Wednesday, October 12, 2005

Is the Ability to Choose, Freedom?

No.

To choose just means that there are choices, at least two.

Immediately it can be discerned that your 'freedom' is already curtailed by these choices, ie you cannot make a choice other than these choices.

And then even if you can choose, ie select one of the choices, it does not mean that you are choosing freely.

For you may be already predisposed or conditioned in one way or another, internally or externally, rational or otherwise, physically, physiologically or psychologically, to prefer one over another.

Even without the overt threat of physical harm or denial to access to resources such as food or money, you can be tempted by the promised outcomes, perceived or real, of your choices, valued in terms valuable to you, be it money, prestige, power, principles, or whatever that matters to you.

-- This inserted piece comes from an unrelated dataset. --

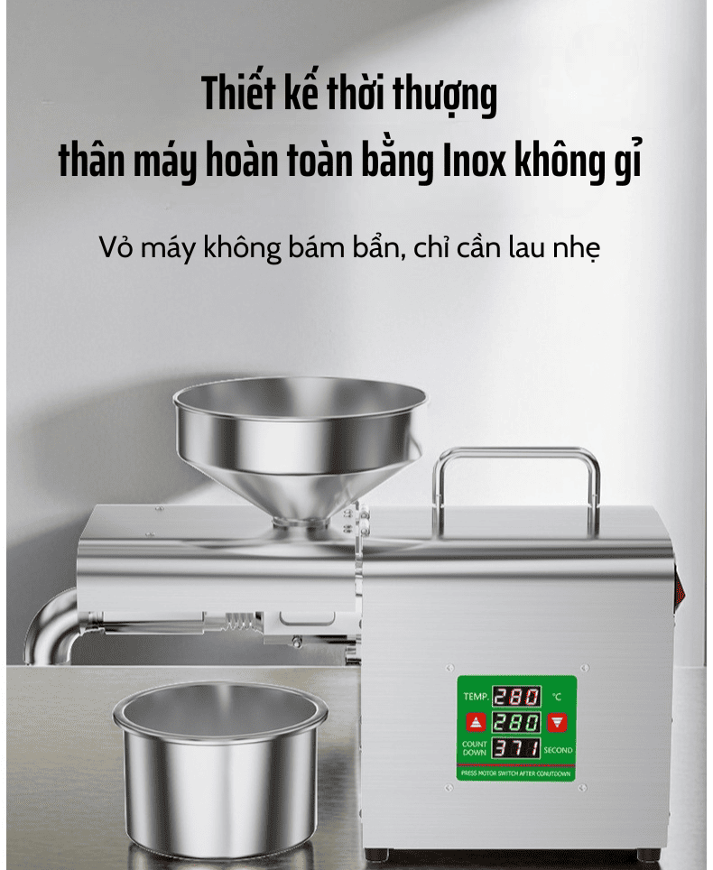 Trong bối cảnh ngày càng nhiều loại dầu ăn trên thị trường tiềm ẩn nguy cơ hóa chất, dầu tái chế hoặc chiết xuất bằng phương pháp công nghiệp làm mất đi dưỡng chất tự nhiên, xu hướng tự ép dầu tại nhà trở thành lựa chọn thông minh và an toàn được nhiều gia đình ưu tiên. Và nếu bạn đang tìm kiếm một dòng máy ép dầu vừa hiệu quả, vừa bền bỉ, thiết kế gọn đẹp lại dễ sử dụng thì máy ép dầu thực vật X3S chính là lựa chọn hoàn hảo đáng để đầu tư.

To choose freely means you can be completely indifferent to the choices and any arbitrary choice is just as good, or as bad, as the other. (Or is it?)

So the real source of freedom and of power is that which is able to influence and condition your decision about choices.

It could be a belief, for example a belief in rationality and the maximisation of benefits accrued to oneself.

If so then choosing means accessing knowledge and data to compute the outcomes of your choices and ranking these outcomes according to some value. And not to be free then means either not having the knowledge and data, or the inability to compute the outcome and make the evaluations correctly.

Or it could be a belief that the outcome must be 'good', not only to you but to all; or it is a belief that the outcome must be one that pleases God, or god or gods, or just someone or something else.

But then you are truly not free at all. For these beliefs hold you captive, in that you cannot abandon them, and you apply them consistently, consciously or not, and even that you cannot choose if you have none of them.

And then also no one really have complete knowledge to compute outcomes or to evaluate them. There will always be unknowns and unknowables that will make all such forecasts uncertain, if not even meaningless, ie you may have done just as 'well' making a random choice.

To take a political example, merely being democratic does not mean you are free. It only mean you can choose. And your choice is entirely influenced and manipulated by the promises of the politicians. They will make promises valued in terms that are valuable to you. For example the Republicans in the US promised 'Christian values' to tempt the 'Christians' to vote them. And the 'Christians' fell for it.

In effect what really happened at the polls is that you are taken captive by the democratic illusion that you are free if you can vote. The reality is that you are just giving legitimacy to one with the majority vote to possess and exercise power over all the land.

So what then in true freedom?

That is another question altogether, and may have nothing to do with choosing altogether.